Удивительное свершение. Казалось, что он мог видеть

его оком своей души, как нечто сразу и большее и меньшее, чем образы, резец, молоток, и тысячи трудолюбивых рук, — эту словно зараза распространяющаяся среди вымирающих Домов потребность изобразить какую-то часть себя живого на мертвом камне.

— Да, — согласился Ойнарал. — Целая Эпоха. Мы не настолько беспокойны как люди. Мы проживаем свои жизни как долг… но не как награду.

— Но какой труд, — промолвил Сорвил, ошеломленный величием подобного дела.

— Мы делали это для того, чтобы сохранить ту жизнь, которая ещё оставалась в нас. — Ответил Ойнарал. — Если крепость воздвигается из камня, то мы воздвигли свою твердыню из своей Памяти — памяти о том, что навсегда потеряли. Мы подчинились властной потребности, грубой уверенности в том, что несокрушимо только великое.

— Это безумие! — Вскричал Сорвил с неведомой ему самому страстностью.

Ойнарал остановился перед Сорвилом, грудь его возвышалась над головой юноши, черный шелковый плащ распахнулся, открывая спрятанную под ним нимилевую броню.

— Все великие свершения противоречивы, — нахмурившись проговорил он и повернулся к той череде панелей, на которую указывал Сорвил. — Вот смотри… видишь, между ликами славы присутствуют совсем иные мгновения… Видишь их? Отцы играют с детьми… воркуют влюбленные… несут мир жены…

Он был прав. Сцены незначительные по смыслу были вплетены в возвышенную процессию, однако получалось, что взгляду приходится напрягаться, чтобы найти их, не из недостатка выразительности, но потому лишь, что они были внеисторичны, узнаваемы только по форме. Как знаки неизбежного, неотвратимого.

— Мы теряли всё это, — продолжил упырь. — Все восторги, которые украшают суровую жизнь, удовольствия плотские и родительские… все, что вносит счастье в повседневное бытие медленно уходило в забвение. Не спеши осуждать нас, сын Харвила. Часто безумие служит лишь мерою оставшегося ума, когда живые могут положиться на одну лишь надежду.

Руки Сорвила более не чесались, они тряслись от ярости и неверия…

— Вы промотали свой разум! —В гневе он топнул ногой. — безрассудно растратили целую эпоху!
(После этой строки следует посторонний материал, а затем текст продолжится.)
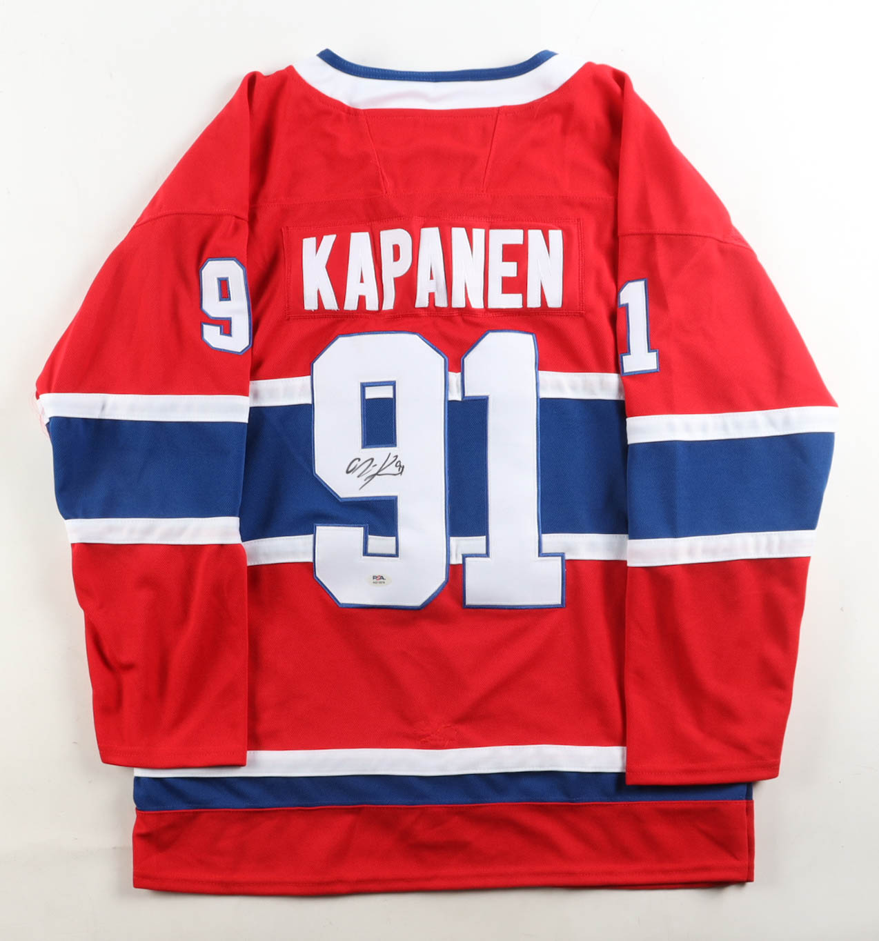 Custom jersey with everything sewn on, size XL. Hand-signed by Oliver Kapanen.
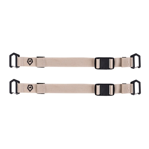 プレミアムアクセサリーストラップスは、プロヴォークやフェルンヴェーのアクセサリーループに取り付け、バッグ外側や底部にジャケットや三脚を取り付けるためのアイテムです。発売中のアクセサリーストラップスよりも素材が強化され、留め具にメタル素材を用い、耐久性に優れています。マグネット式のバックル部により着脱も容易になり、また、ベルクロで余ったストラップをコンパクトにまとめられます。

Ойнарал невозмутимо взирал на него… шранк, наделенный мудрой человечьей душой. Отсветы ближайших глазков припорашивали белыми точками его очи.

— Это говоришь не ты.

Дурачьё! Вы отложили меч и свиток ради всего этого? Как вы могли это сделать?

Сила увещевания заставила сику вздрогнуть, однако прежнее спокойствие тут же вернулось к нему.
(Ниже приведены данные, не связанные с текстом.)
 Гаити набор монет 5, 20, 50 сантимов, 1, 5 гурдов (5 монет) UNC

— Подними руки, сын Харвила… прикоснись к своему лицу.

Легкая щекотка, словно перышком, перехватила горло юноши. Он кашлянул, а потом кашлянул снова, так и не ощутив ни своего лица, ни рта.

Я … — беспомощно вырвалось у него. Где же его лицо?
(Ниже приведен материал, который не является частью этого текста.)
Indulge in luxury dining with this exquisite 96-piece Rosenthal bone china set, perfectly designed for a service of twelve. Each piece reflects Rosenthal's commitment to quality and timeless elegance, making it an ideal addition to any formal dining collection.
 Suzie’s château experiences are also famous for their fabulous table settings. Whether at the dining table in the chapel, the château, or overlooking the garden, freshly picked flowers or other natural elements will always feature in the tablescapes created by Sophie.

Ойнарал или кивнул или просто опустил свой овальный подбородок.

— Желание коснуться лица даже не приходило к тебе только потому, что оно само не хочет этого. Соединение происходит быстрее, когда принимающая душа остается в неве…

— Оно? — На Сорвила накатила волна паники. — Лицо… чего-то не хочет от меня?

—Прикоснись к своему лицу, сын Харвила.

Неужели, все они здесь, в его отсутствие, посходили с ума.

— Что здесь происходит, кузен? — Воскликнул он. — Что сталось со Священной Родней? И как ты можешь без стыда разговаривать о подобных вещах?

—Я все объясню… — чтобы подбодрить его Ойнарал улыбнулся. — Тебе нужно только прикоснуться к своему лицу.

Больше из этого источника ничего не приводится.